Open AccessPotent Vinblastine C20′ Ureas Displaying Additionally Improved Activity Against a Vinblastine-Resistant Cancer Cell Line
Author(s) -
Timothy J. Barker,
Katharine K. Duncan,
Katerina Otrubova,
Dale L. Boger
Publication year - 2013
Publication title -
acs medicinal chemistry letters
Language(s) - English
Resource type - Journals
SCImago Journal Rank - 1.065
H-Index - 66
ISSN - 1948-5875
DOI - 10.1021/ml400281w
Subject(s) - vinblastine , cell culture , ic50 , urea , cancer cell lines , pharmacology , chemistry , cell , in vitro , biochemistry , cancer research , biology , medicine , cancer cell , cancer , chemotherapy , genetics
A series of disubstituted C20'-urea derivatives of vinblastine were prepared from 20'-aminovinblastine that was made accessible through a unique Fe(III)/NaBH 4 - mediated alkene functionalization reaction of anhydrovinblastine.
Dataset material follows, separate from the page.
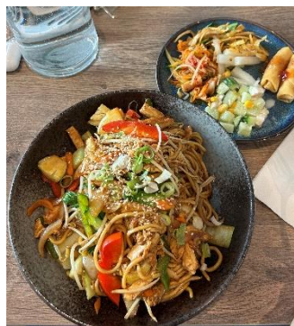
圖五：下方是正餐， 右上方是沙拉吧取用 內容。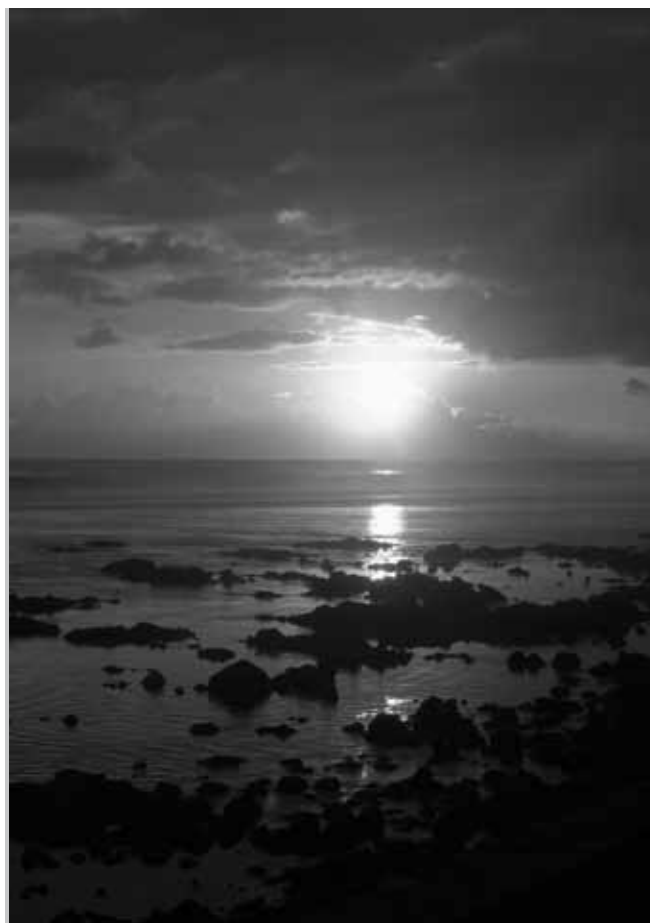
Coucher de Soleil sur la plage de St Leu © Emilie Javelle.

Three analogs were examined across a panel of 15 human tumor cell lines, displaying remarkably potent cell growth inhibition activity (avg. IC 50 = 200-300 pM), being 10-200-fold more potent than vinblastine (avg. IC 50 = 6.1 nM). Significantly, the analogs also display further improved activity against the vinblastine-resistant HCT116/VM46 cell line that bears the clinically relevant overexpression of Pgp, exhibiting IC 50 values on par with that of vinblastine against the sensitive HCT116 cell line, 100-200-fold greater than the activity of vinblastine against the resistant HCT116/VM46 cell line, and display a reduced 10-20-fold activity differential between the matched sensitive and resistant cell lines (vs 100-fold for vinblastine).